Adaptation to Intrinsic Dependence in Diffusion Language Models

Diffusion language models (DLMs) have recently emerged as a promising alternative to autoregressive (AR) approaches, enabling parallel token generation beyond a rigid left-to-right order. Despite growing empirical success, the theoretical understanding of how unmasking schedules -- which specify the order and size of unmasked tokens during sampling -- affect generation quality remains limited. In this work, we introduce a distribution-agnostic unmasking schedule for DLMs that adapts to the (unknown) dependence structure of the target data distribution, without requiring any prior knowledge or hyperparameter tuning. In contrast to prior deterministic procedures that fix unmasking sizes, our method randomizes the number of tokens revealed at each iteration. We show that, for two specific parameter choices, the sampling convergence guarantees -- measured by Kullback-Leibler (KL) divergence -- scale as $\widetilde O(\mathsf{TC}/K)$ and $\widetilde O(\mathsf{DTC}/K)$ respectively. Here, $K$ is the number of iterations, and $\mathsf{TC}$ and $\mathsf{DTC}$ are the total correlation and dual total correlation of the target distribution, capturing the intrinsic dependence structure underlying the data. Importantly, our guarantees hold in the practically relevant parallel-sampling regime $K<L$ where $L$ is the token sequence length. These results significantly improve upon prior convergence theories and yield substantial sampling acceleration for low-complexity distributions. Overall, our findings unveil the adaptivity of DLMs to intrinsic data structures and shed light on the benefit of randomized unmasking sizes in inference schedule design.

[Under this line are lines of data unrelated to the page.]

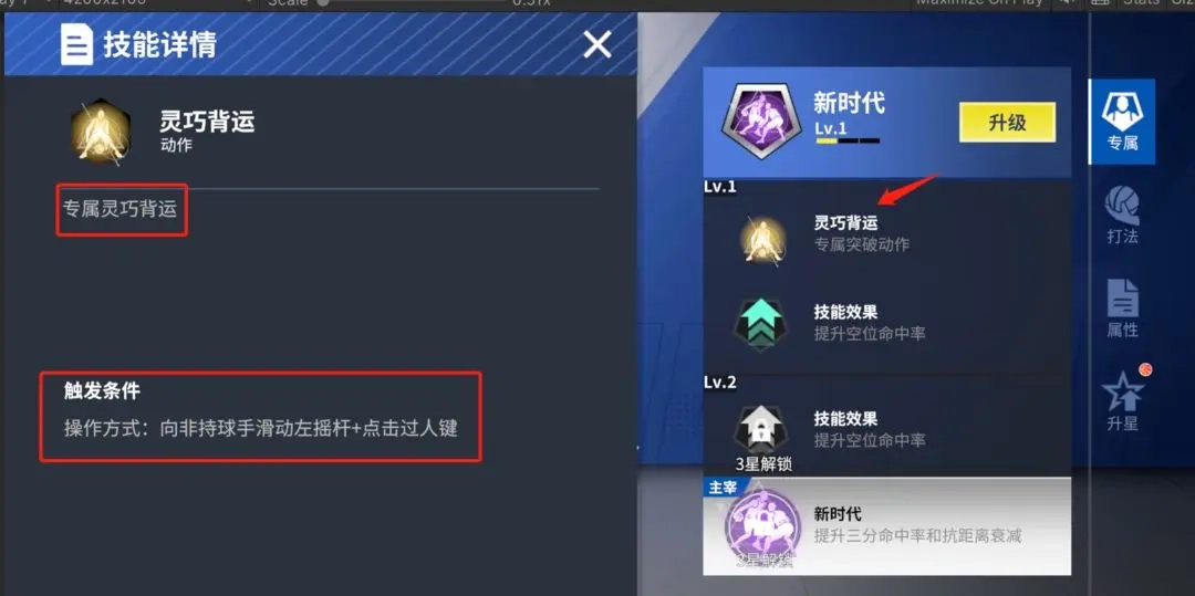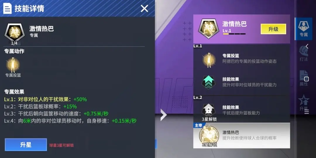 ①专属技能:在使用专属动作后,可提升脚踝能力与投篮能力,并减少体力消耗
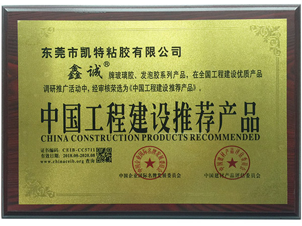 中国工程建筑推荐产品证书
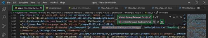 To change the heading Veeam Backup Enterprise Manager which is displayed in the top left corner open the following app.js file.
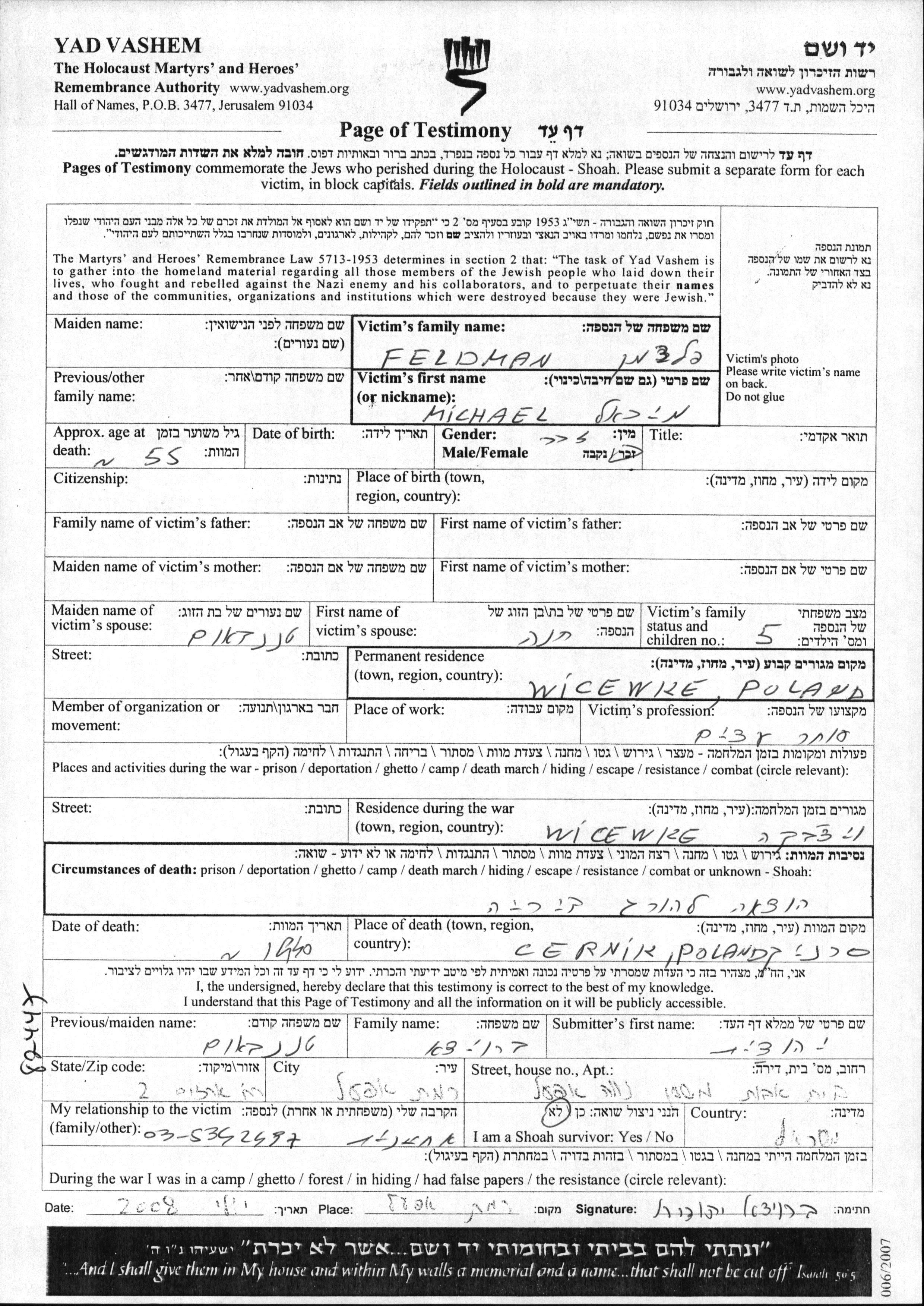 Михаэль Фельдман. Лесоторговец. Женат / замужем. Место жительства до войны: Вичувка, Польша. Место во время войны: Вичувка, Польша.

翻译：扩散语言模型（DLMs）近年来已成为自回归（AR）方法的一种有前景的替代方案，它能够超越严格的从左到右顺序实现并行令牌生成。尽管经验上的成功日益增长，但关于解掩码调度（即采样过程中指定解掩码令牌的顺序和数量）如何影响生成质量的理论理解仍然有限。在本工作中，我们为DLMs引入了一种与分布无关的解掩码调度方法，该方法能够自适应于目标数据分布的（未知）依赖结构，而无需任何先验知识或超参数调整。与先前固定解掩码数量的确定性方法不同，我们的方法在每次迭代中随机化揭示的令牌数量。我们证明，对于两种特定的参数选择，采样收敛保证——以Kullback-Leibler（KL）散度衡量——分别按 $\widetilde O(\mathsf{TC}/K)$ 和 $\widetilde O(\mathsf{DTC}/K)$ 缩放。其中，$K$ 是迭代次数，$\mathsf{TC}$ 和 $\mathsf{DTC}$ 分别是目标分布的总相关和双总相关，它们捕捉了数据背后的内在依赖结构。重要的是，我们的保证在具有实际意义的并行采样机制 $K<L$ 下成立，其中 $L$ 是令牌序列长度。这些结果显著改进了先前的收敛理论，并为低复杂度分布带来了实质性的采样加速。总体而言，我们的发现揭示了DLMs对内在数据结构的自适应性，并阐明了在推理调度设计中随机化解掩码数量的益处。